LifeLink Devotions
Tuesday, February 21, 2023
It comes with age. It also comes with pride. We would like to blame it all on age, but that would be to deny the simple truth of our choices.
Forgetfulness is a two-sided coin. On the one side is the simple brain freeze type that we easily forgive in one another and excuse in ourselves. On the other side of the coin is the intentional type when we make choices to forget. Our motivation for these choices can be sinful or saintly.
2 Peter 3:5-7 “But they deliberately forget that long ago by God’s word the heavens existed and the earth was formed out of water and by water. By these waters also the world of that time was deluged and destroyed. By the same word the present heavens and earth are reserved for fire, being kept for the day of judgment and destruction of ungodly men.”
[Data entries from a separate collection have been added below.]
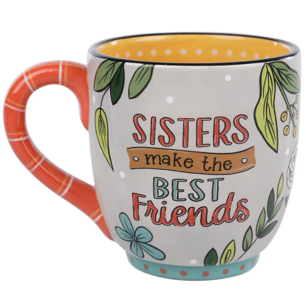 If your sister is your built-in best friend, than this mug is for you and her! Think of your sister each morning as you drink your coffee or tea. Adorned with flowers and hand-painted script this mug is the perfect gift for your sister!
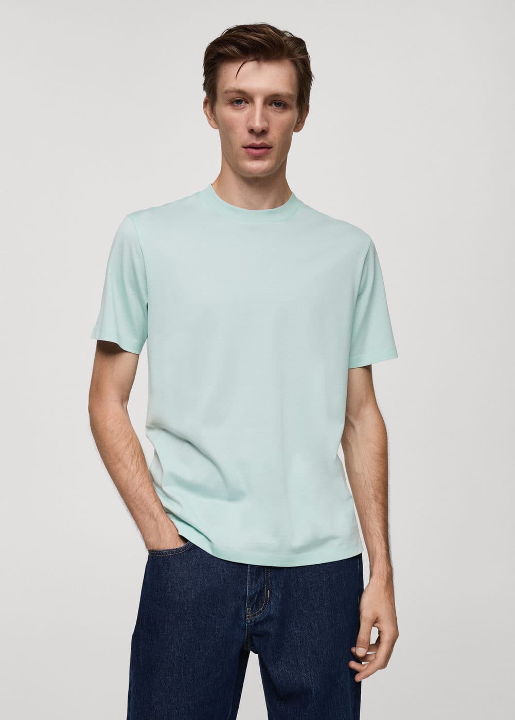 Mango Erkek %100 Pamuklu Dar Kesim Tişört Su Yeşili
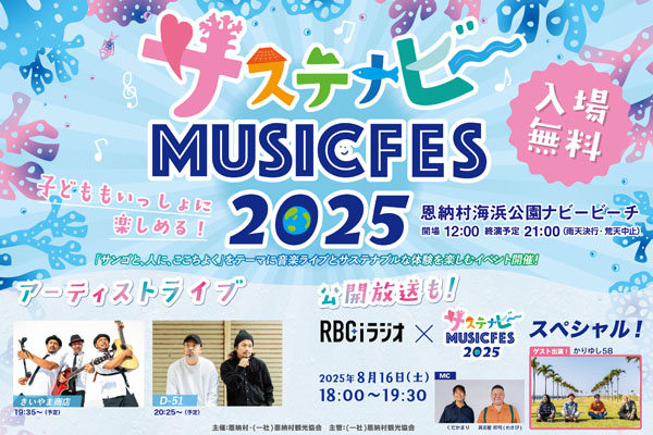 「サステナビーMUSICFES」は、「世界一サンゴと人にやさしい村」を目指すまちづくりの一環として2024年に初開催された。このイベントでは、サステナブルな音楽・体験・食を通じて、SDGs未来都市・恩納村が推進する環境・文化・社会にやさしい取り組みや村の魅力を「感じて」「考える」きっかけをつくる。

Peter tells us that forgetfulness is intentional when it comes to the sinner’s ignorance of truth. They will deny this. They will claim superior knowledge. The truth is that God has revealed His nature through creation and the people who do not see it or know it have made the choice to ignore the obvious. (Read Romans 1:18-25) These are the prideful choices of sinful man to forget what is not convenient for the pursuit of personal pleasure.
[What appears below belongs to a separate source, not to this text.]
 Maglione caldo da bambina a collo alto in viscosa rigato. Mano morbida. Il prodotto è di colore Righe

But there is a proper and Godly time to be forgetful. The proper motivations for forgetfulness are given to us in Scripture. One of them stands out to me today:
- We are to forget the past, no matter how painful, and press on towards the high calling we have in Christ Jesus. (see Philippians 3:12-14)
Years ago, there was a master violinist in Europe. He would play concerts, and he had a magnificent Stradivarius violin, extremely expensive. As he would play people in the crowd would whisper, “Listen to the beautiful sounds of the Stradivarius.” He would play in churches, and people would say, “Listen to the beautiful sounds of the Stradivarius.” He even played before kings and queens, and they, too, would turn to one another and say, “Listen to the beautiful sounds of the Stradivarius.” All the glory went to the instrument.
Then one day this master violinist was walking by a pawn shop. He noticed an old, beat-up, worn-out violin. He walked into the pawn shop and asked how much it would cost. The owner of the pawn shop told him the American equivalent of five dollars. He bought the violin, and he took it home. He polished it, and he refined it, and he tuned it, and he re-tuned it, and he built some character into that violin. Then, when he was to play the greatest performance of his life in a concert hall, he took out the little, five-dollar, worn-out, beat-up violin that he had polished and refined. He put it up to his chin, and he began to play, and everybody in the concert hall whispered, “Listen to the beautiful sounds of the Stradivarius.”
In the hands of the Master, your life has been revived, revitalized, and restored. You are of great worth and value. Do not think about the past. Forget it. Look ahead. As F. B. Meyer wrote,
“It is a mistake to be always turning back to recover the past. The law for Christian living is not backward, but forward; not for experiences that lie behind, but for doing the will of God, which is always ahead and beckoning us to follow. Leave the things that are behind, and reach forward to those that are before, for on each new height to which we attain, there are the appropriate joys that befit the new experience. Don’t fret because life’s joys are fled. There are more in front. Look up, press forward, the best is yet to be!”
Permission granted by God to be forgetful.